Uncertainty Evaluation of Effective Delayed Neutron Fraction βeff of Typical Proto-type Fast Reactor

• Published in: Journal of nuclear science and technology Vol. 36; no. 1; pp. 61 - 80
• Main Authors: ZUKERAN, Atsushi, HANAKI, Hiroshi, SAWADA, Shusaku, SUZUKI, Takayuki
• Format: Journal Article
• Language: English
• Published: Tokyo Taylor & Francis 01.01.1999; Atomic Energy Society of Japan
• Subjects: Applied sciences; delayed neutron constant; delayed neutron yield; effective delayed neutron fraction; Energy; energy dependences; Energy. Thermal use of fuels; Exact sciences and technology; fission cross sections; Fission nuclear power plants; Installations for energy generation and conversion: thermal and electrical energy; MeV range; reaction kinetics; reaction rates; sensitivity; uncertainty; uranium 238; Neutron flux; Uncertainty; Uranium; Fast reactor; Plutonium; Cross section (collision); Nuclear reactor
• ISSN: 0022-3131; 1881-1248
• DOI: 10.1080/18811248.1999.9726182

Uncertainty of effective delayed neutron fraction β eff is evaluated in terms of three quantities; uncertainties of the basic delayed neutron constants, energy dependence of delayed neutron yield v m d in the low energy side below about 50keV and in the high energy side above about 4MeV, and the uncertainties of the fission cross sections of fuel elements.

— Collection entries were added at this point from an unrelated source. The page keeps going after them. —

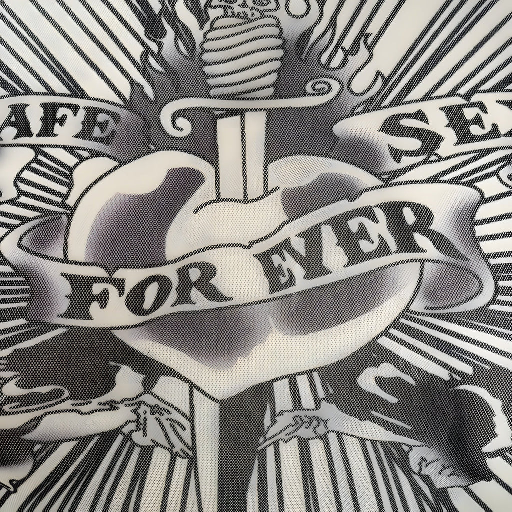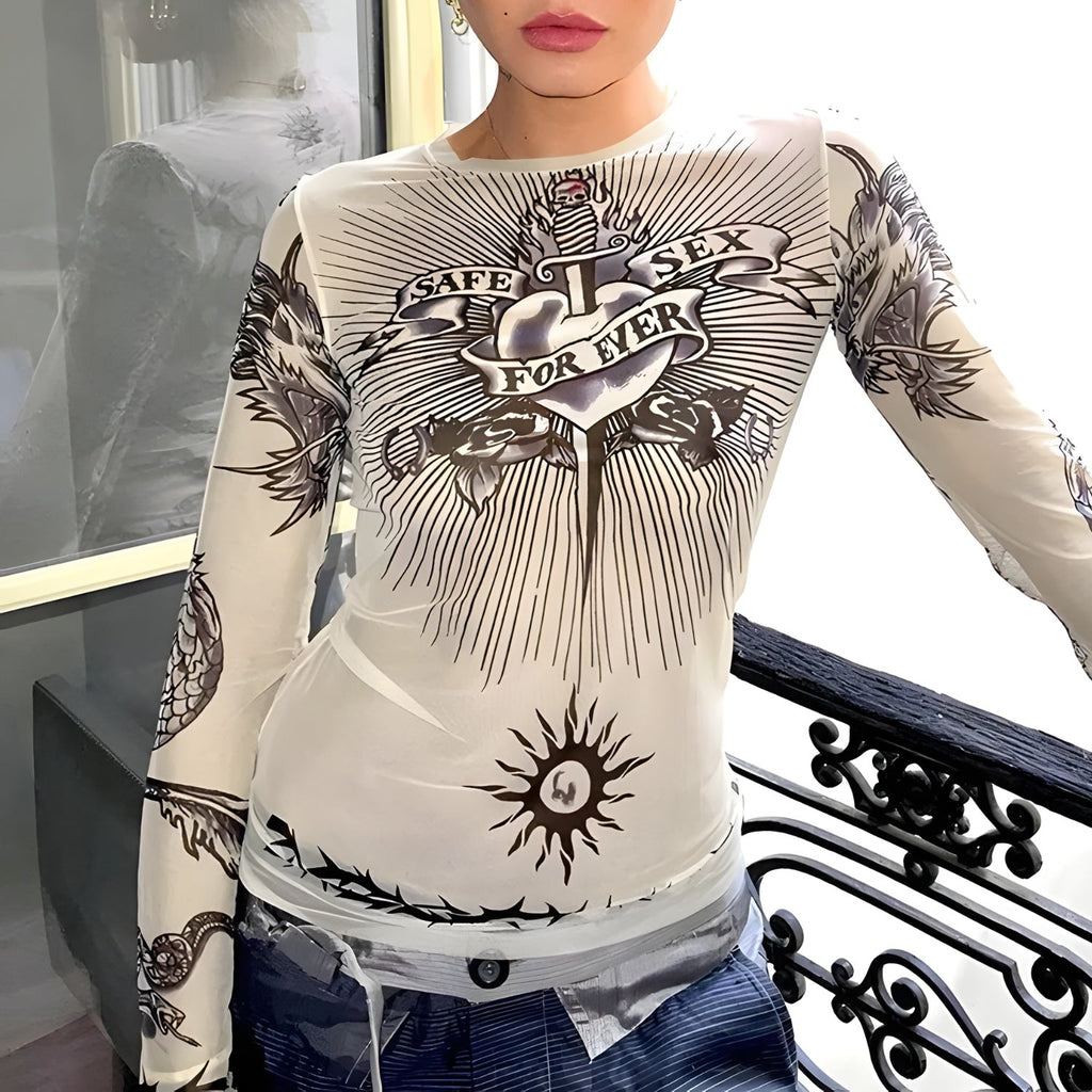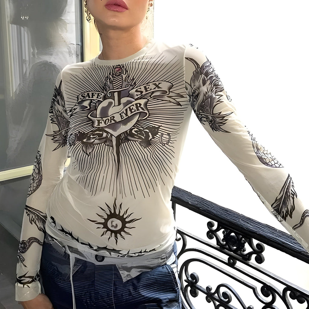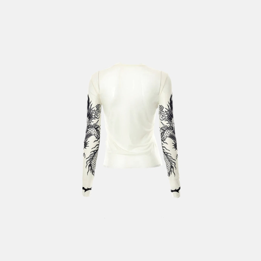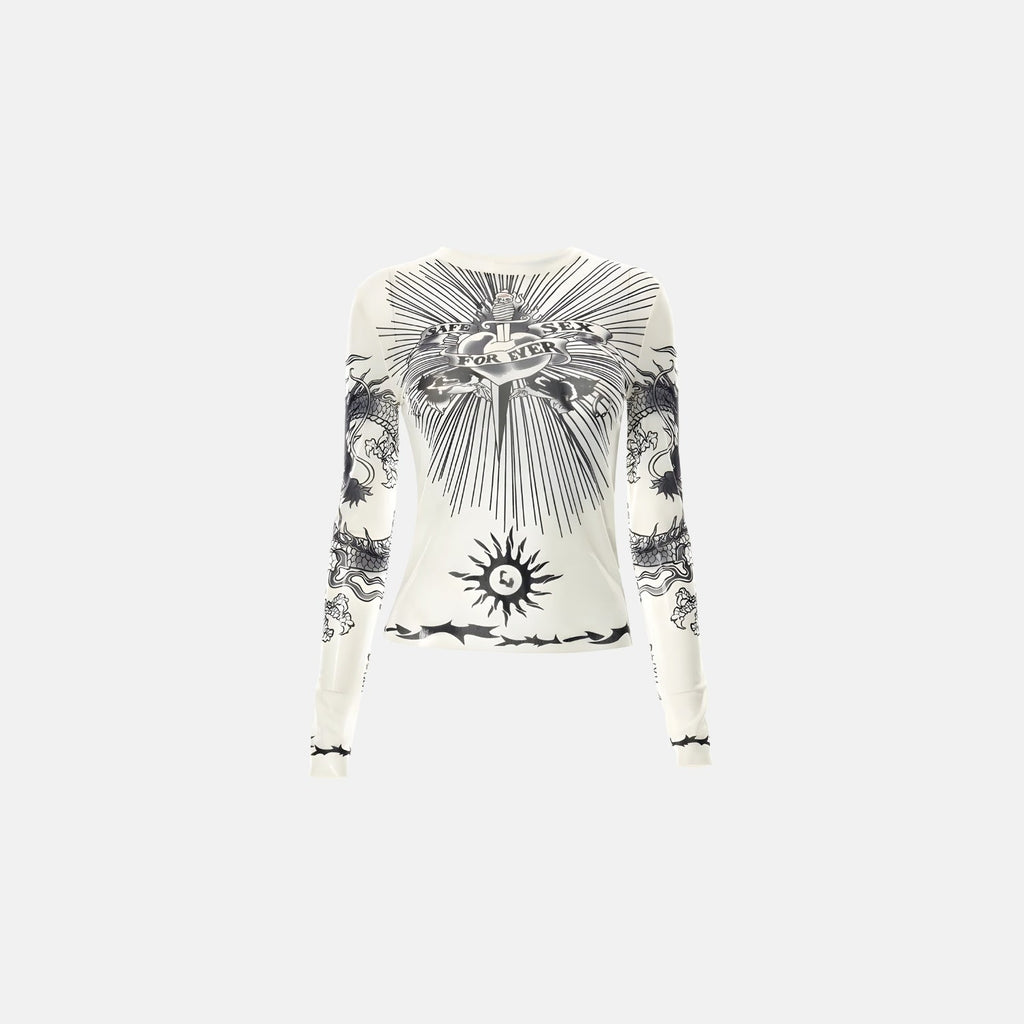 Blusa de manga longa ajustada ao corpo, confeccionada em tecido translúcido. Estampa frontal com gráfico centralizado de punhal e coração, desenhos de dragões nas mangas e detalhes solares. Acabamento de costura fina e elasticidade suave.
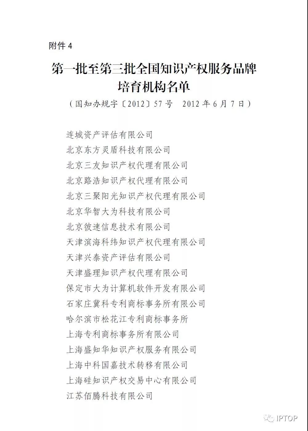 第四批全国知识产权服务品牌培育机构名单
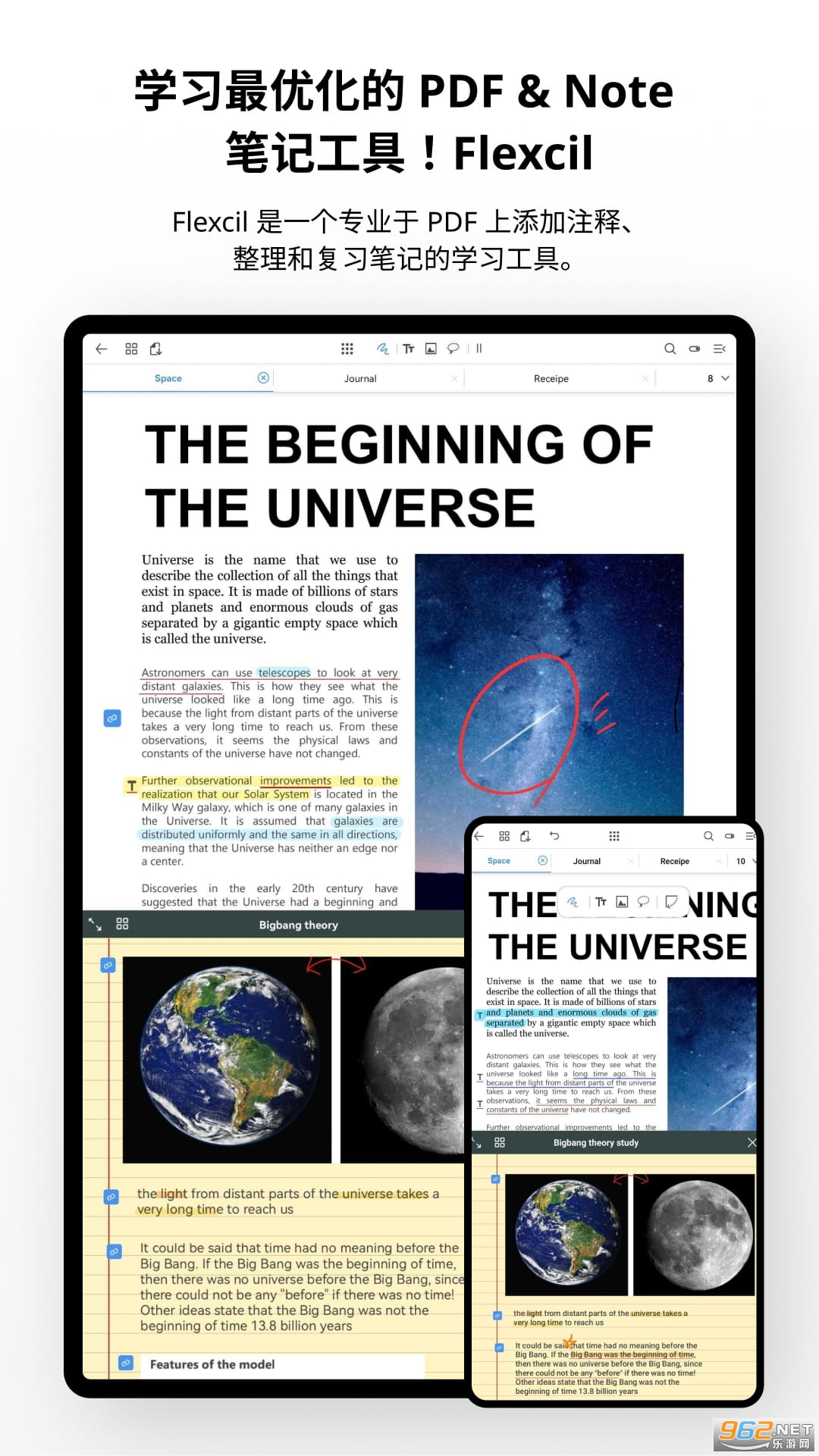 无论是笔记记录、要点归纳、文档阅读还是编辑教材中的页面,您都可以使用 Flexcil!这是适用于一切华为设备的笔记工具。
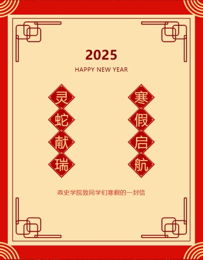 寒假,是心灵休憩与智慧积累的黄金时期。在过去的一学期里,你们以坚韧不拔的毅力、勇于探索的精神,在历史的长河中汲取智慧,在知识的舞台上锤炼思维。现在,是时候放下繁重的学业,让心灵在宁静中得以滋养,也让思维在闲暇中得以拓展。
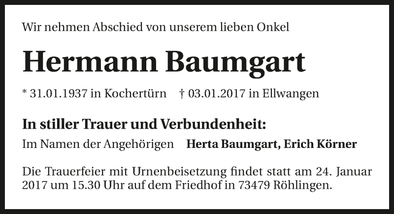 Hier finden Sie alle Traueranzeigen aus der Zeitung, die bisher für Hermann Baumgart erschienen sind. Weitere Traueranzeigen, die in der Zeitung erscheinen, werden hier ebenfalls aufgelistet
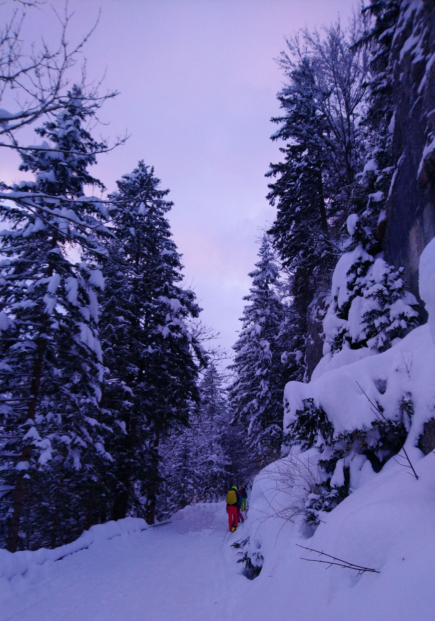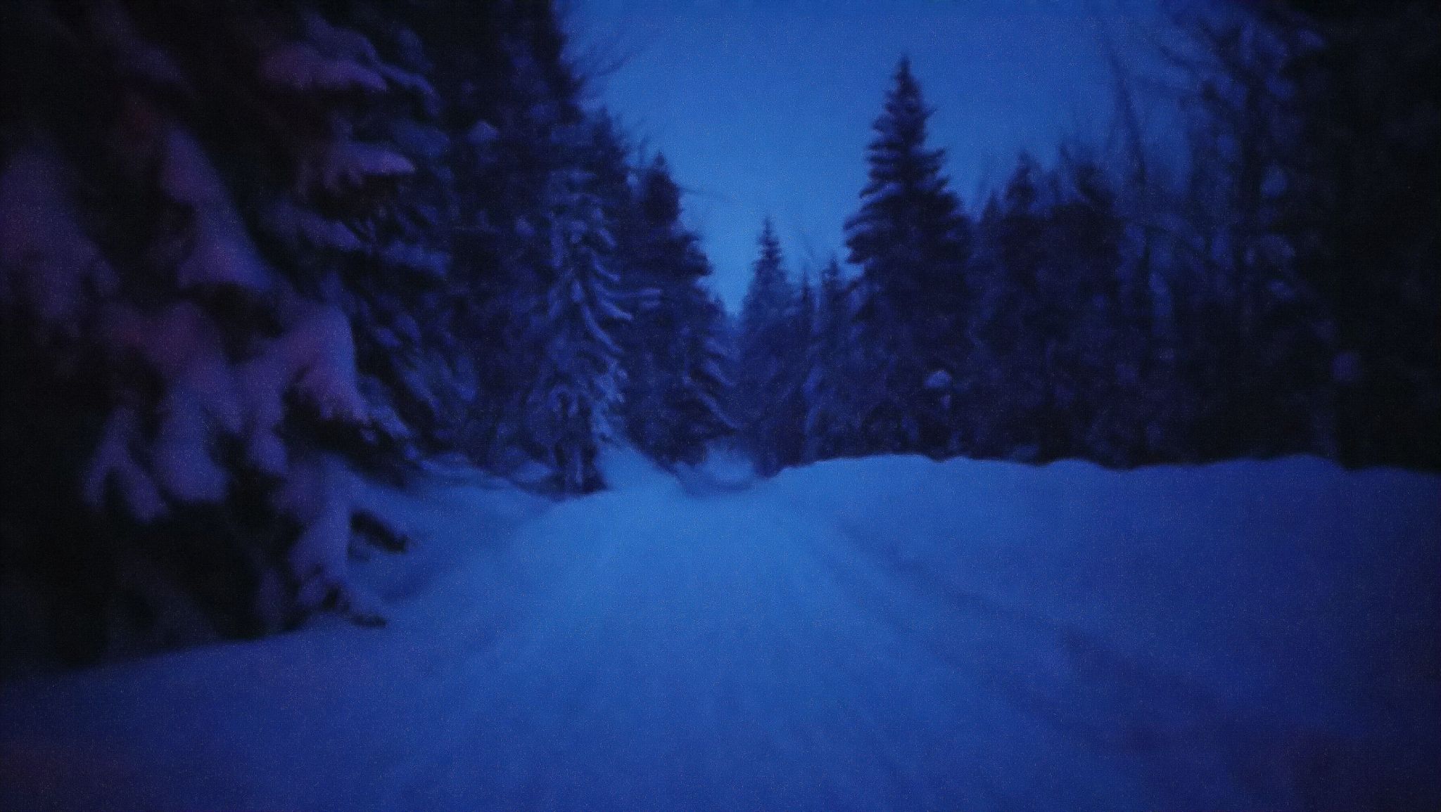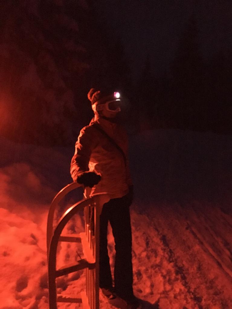 And then… Then the evening approaches and I find myself facing snow from all sides again. Star of the night is the sled I have found in the back of my basement. I pick up one of my sporty neighbours and, soon enough, we head for the mountains. Fading daylight and intensified snowfall make us stumble into a picture postcard scenery.
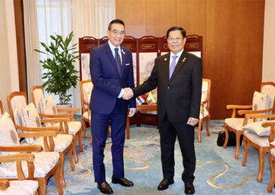 ပြည်ထောင်စုဝန်ကြီးဦးသန်းဆွေ တရုတ်နိုင်ငံခြားရေးဝန်ကြီးနှင့် ထိုင်းနိုင်ငံခြားရေးဝန်ကြီးတို့နှင့်တွေ့ဆုံဆွေးနွေး (၁၄-၈-၂၀၂၅)
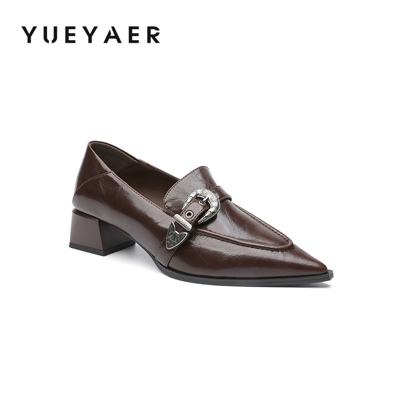 单鞋 月芽儿2025新款 时尚 女中跟复古气质职业女鞋 欧美粗跟尖头单鞋

The uncertainty of β eff due to the delayed neutron yield is expressed by a linearized formula assuming that the delayed neutron yield does not depend on the incident energy, and the energy dependence is supplemented by using the detailed energy dependence proposed by D'Angelo and Filip. The third quantity, uncertainties of fission cross section, is evaluated on the basis of the generalized perturbation theory in relation to reaction rate ratios such as central spectral indexes or average reaction rate ratios. Sensitivity coefficients of the reaction rate ratios to fission cross sections are obtained by generalized perturbation code. Resultant uncertainty of β eff is about 4 to 5%, in which primary factor is the delayed neutron yield, and the secondary one is the fission cross section uncertainty, especially for 238 U. The energy dependence of v m d systematically reduces the magnitude of β eff about 1.4 to 1.7%, depending on the model of the energy vs. v m d correlation curve.